Maddy, never Mrs. Washington, was there at the door when I arrived. She was drying her hands on the dishtowel she always carried around, and watching me as I walked up. She was funny, and liked to say she was re-living her teen years vicariously through us, and she was a second mother to me, Billy and Chris.
“Hey Mike, Milt is upstairs, come on in.”
“Thanks, Maddy. Dad called; he’s headed downtown to check on mom. Phones are down, I think,” I told her, knowing she would want to know.
“You got your cell phone?” she asked, giving me a brief hug and ushering me into the house.
“Yes, Ma’am,” I replied, even as she shooed me towards the stairs with a nod.
I had barely made it to the top of the stairs when the doorbell rang and Maddy turned back to open it again.
“Come on in, Chris, you know where to go.” She said with a smile and I watched Chris come in, waving at him from the top of the stairs.
“Up here, shorty!”
“Up yours, Mike!”
We were hilarious, just ask us!
The whole thing started all over as soon as Chris put his foot on the top step and the doorbell rang. Maddy rolled her eyes but Chris and I high-fived each other, laughing at the coincidence.
This time, Maddy just stared out the door for a moment, not saying anything.
“It’s me, Mrs. Washington, I mean, Maddy. It’s Billie.” The voice we could just barely hear sounded nothing like bold, brash Billy Granville. And, it turns out, it wasn’t ... at least, it wasn’t the Billy we knew.
A girl stepped through the door, with boobs and hips and everything where it should be, and in good proportions as well, but the girl had a sort of slimmed down, softer version of Billy’s face.

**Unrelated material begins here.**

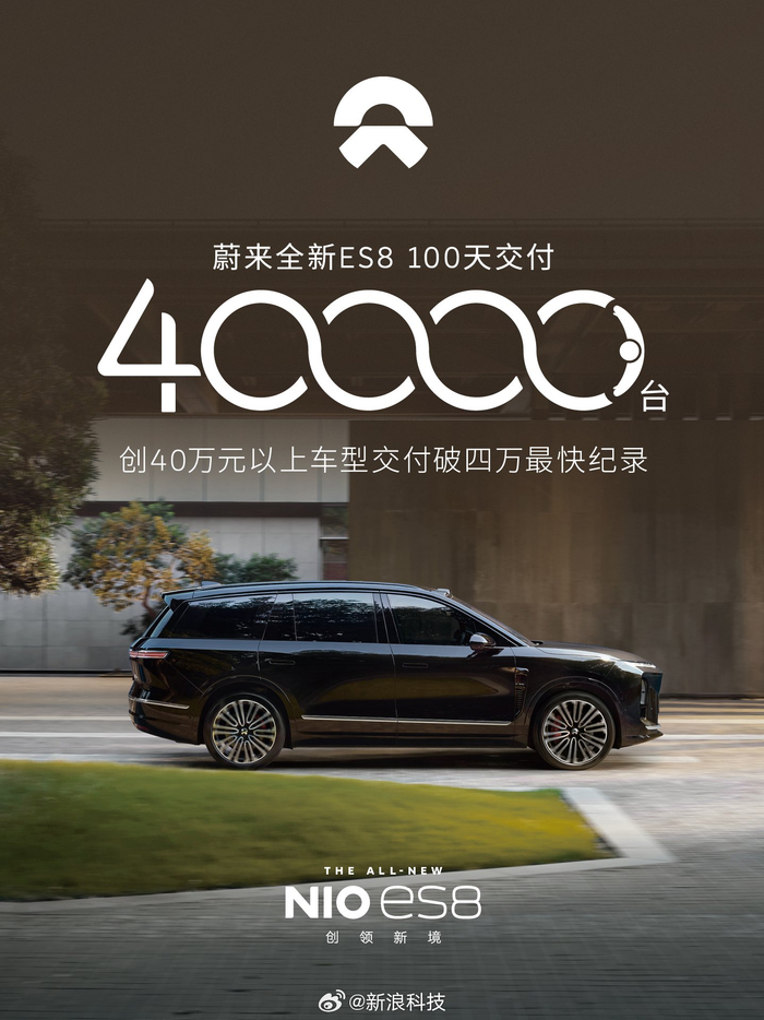 【#蔚来ES8上市100天交付破4万台# ,成为40万元以上不分能源形式,交付最快"破四万"的车型。】# 蔚来12月交付量# 12月29日,蔚来ES8交付量突破40000台,历时仅100天,创下40万元以上车型交付破 四万的最快纪录。自9月21日交付起,交付量逐步攀升,从1万台到4万台的交付间隔时间持续缩短,整 体交付进程稳步推进。据悉,全新ES8在11月交出10677台的交付成绩,位列当月新能源SUV销量第 二、纯电SUV销量首位。从用户换购情况来看,该车的增换购用户中,有超六成来自传统豪华燃油车品 牌,其中近半数为BBA车主,同时也吸纳了部分新能源品牌的换购用户,体现出高端新能源车型的市 场受众覆盖面逐步拓宽。 蔚来全新ES8 100天交付 创40万元以上车型交付破四万最快纪录 创 新 领 境 6 @新浪科技 ...

She looked up the stairs at the two of us and frowned for a moment, then scowled. “One word. One stupid word and I will use my new pyrokinesis power to set fire to your underwear,” the girl growled, sounding more than ever like the old Billy.
“No playing with fire in the house, kids. Take it outside,” Maddy said sternly, surprising all of us by how normal it sounded. We all grinned and then laughed at each other, even Billy. Or, maybe, Billie?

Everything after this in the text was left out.